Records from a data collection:
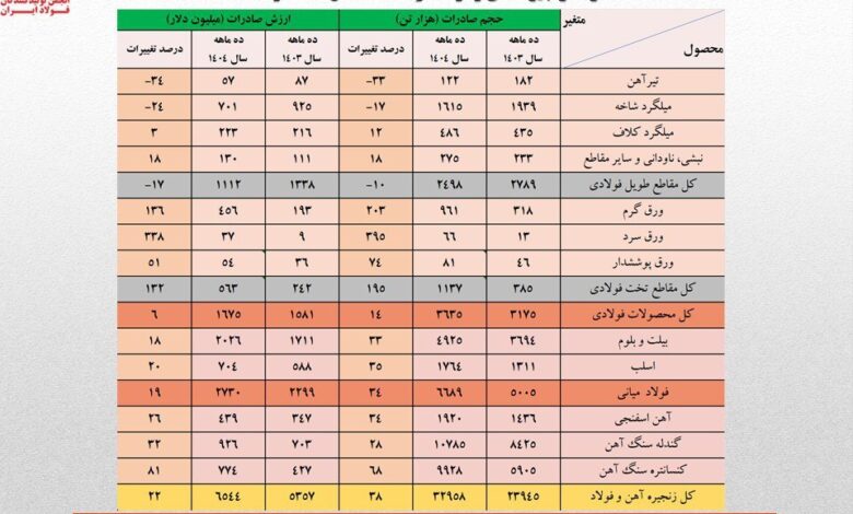انجمن تولیدکنندگان فولاد ایران آمار صادرات ۱۰ ماهه سال ۱۴۰۴ زنجیره فولاد کشور را منتشر کرد که بر این اساس حجم صادرات آهن و فولاد کشور، ۲۷ درصد و مجموع حجم صادرات کل زنجیره فولاد ۳۸ درصد افزایش داشته است.
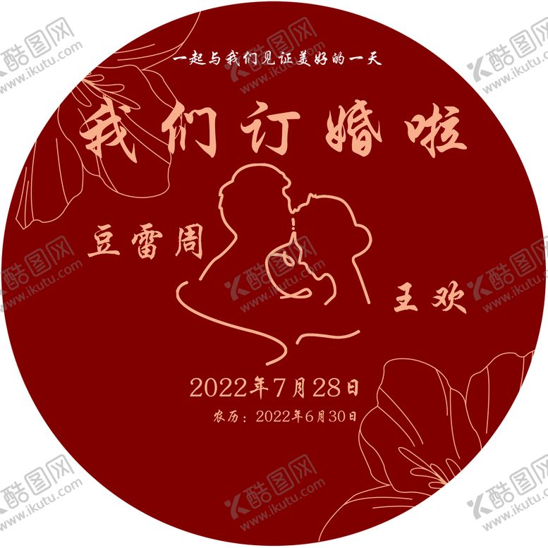 原创共享素材,尺寸大小是5669*5669像素,我们订婚啦展板是由平面广告设计师muteng12上传,浏览本次作品的您可能还对我们订婚啦,订婚宴,圆形展板,订婚展板,结婚展板,订婚海报,男女线条图,花线条图,喜宴,订婚,结婚,迎宾,背景,新人,红色背景,花,平面广告,,平面广告感兴趣。
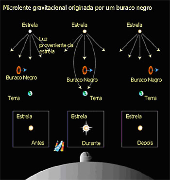 Crédito: NASA. Um buraco negro ao passar entre o observador e um objecto distante vai dar origem a um efeito a que damos o nome de lente gravitacional. O buraco negro age como uma lente provocando um aumento na luminosidade do objecto, neste caso uma estrela.
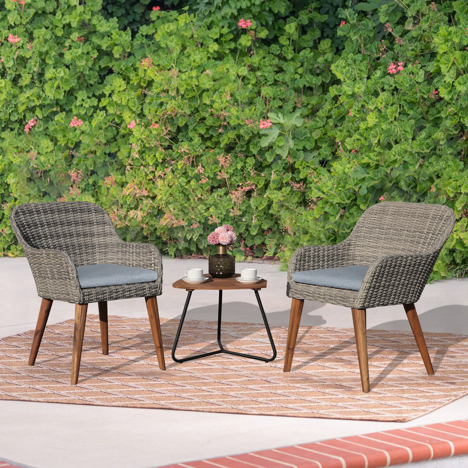 3-Piece Outdoor Bistro Set, Weather-resistant PE Wicker Patio Conversation Set with Cushion, Wood Top Side Table, Gray Wicker with Wood Leg
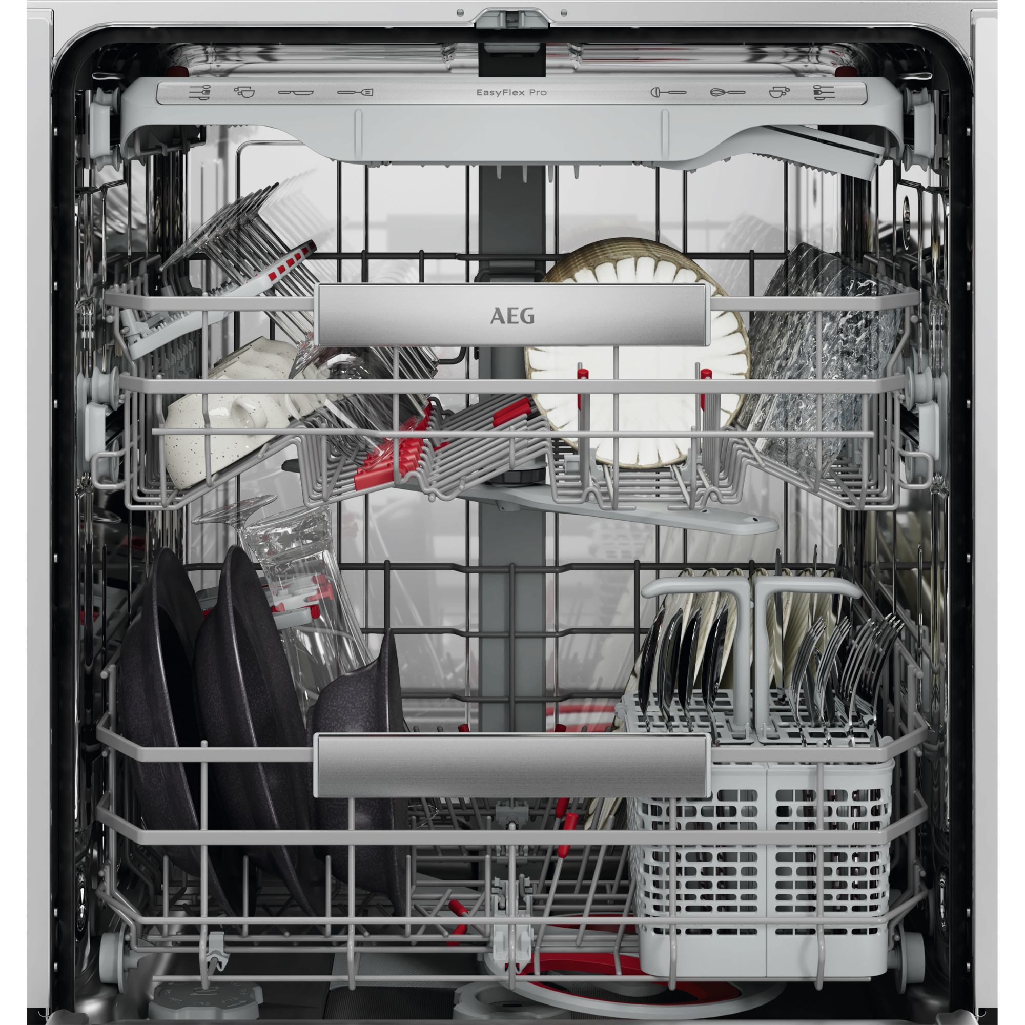 AEG Geschirrspüler der Serie 9000 sind mit multifunktionalen, leichtläufigen Körben und Besteckschubladen sowie speziellen Halterungen für Gläser und Backbleche ausgestattet. Das hocheffiziente Wassersystem entfernt hartnäckige Speiserückstände bei einem geringen Wasserverbrauch von nur 8.4 Litern.

GOAL OF THE EXERCISE: Once the line containing "Crédito: NASA. Um" is found, write out exactly that line and each line after it through the end of the entries, omitting pictures.

EXERCISE RESULT:
 Crédito: NASA. Um buraco negro ao passar entre o observador e um objecto distante vai dar origem a um efeito a que damos o nome de lente gravitacional. O buraco negro age como uma lente provocando um aumento na luminosidade do objecto, neste caso uma estrela.
 3-Piece Outdoor Bistro Set, Weather-resistant PE Wicker Patio Conversation Set with Cushion, Wood Top Side Table, Gray Wicker with Wood Leg
 AEG Geschirrspüler der Serie 9000 sind mit multifunktionalen, leichtläufigen Körben und Besteckschubladen sowie speziellen Halterungen für Gläser und Backbleche ausgestattet. Das hocheffiziente Wassersystem entfernt hartnäckige Speiserückstände bei einem geringen Wasserverbrauch von nur 8.4 Litern.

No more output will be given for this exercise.